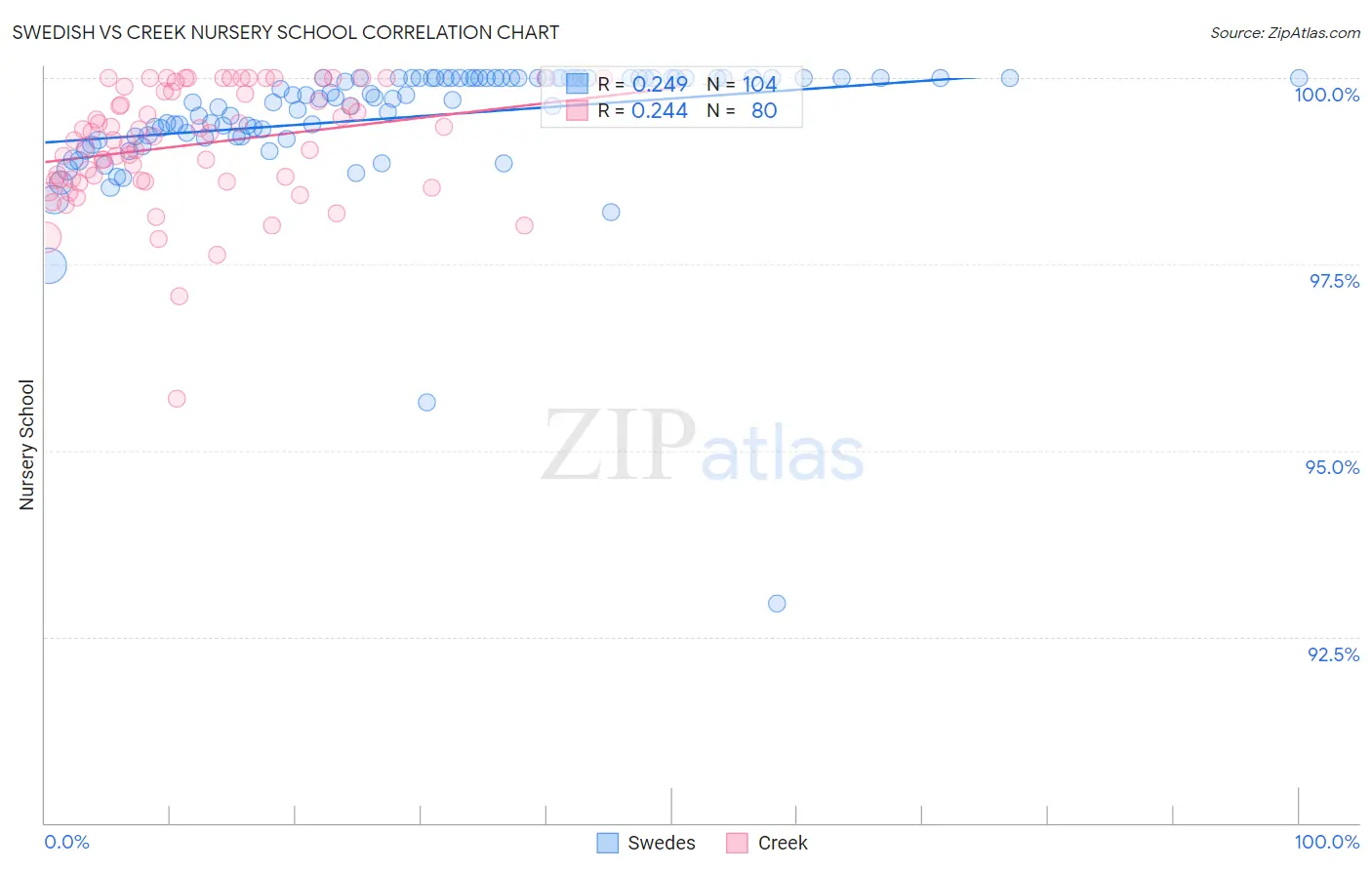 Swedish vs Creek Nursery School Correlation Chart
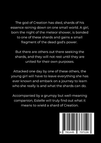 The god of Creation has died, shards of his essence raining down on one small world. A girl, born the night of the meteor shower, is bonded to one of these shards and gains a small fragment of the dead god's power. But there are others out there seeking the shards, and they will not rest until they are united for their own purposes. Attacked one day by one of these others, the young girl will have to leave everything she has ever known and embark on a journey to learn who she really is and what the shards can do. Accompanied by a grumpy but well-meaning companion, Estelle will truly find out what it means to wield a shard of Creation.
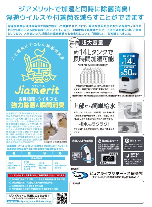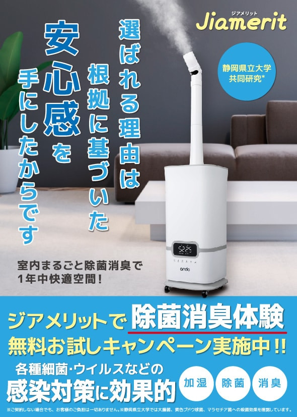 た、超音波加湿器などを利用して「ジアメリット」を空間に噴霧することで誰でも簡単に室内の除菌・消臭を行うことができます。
════════
[ASSIGNMENT]: Repeat the data exactly, without the pictures.

[SOLUTION FOR THIS PROBLEM]:
 Swedish vs Creek Nursery School Correlation Chart
 The god of Creation has died, shards of his essence raining down on one small world. A girl, born the night of the meteor shower, is bonded to one of these shards and gains a small fragment of the dead god's power. But there are others out there seeking the shards, and they will not rest until they are united for their own purposes. Attacked one day by one of these others, the young girl will have to leave everything she has ever known and embark on a journey to learn who she really is and what the shards can do. Accompanied by a grumpy but well-meaning companion, Estelle will truly find out what it means to wield a shard of Creation.
 た、超音波加湿器などを利用して「ジアメリット」を空間に噴霧することで誰でも簡単に室内の除菌・消臭を行うことができます。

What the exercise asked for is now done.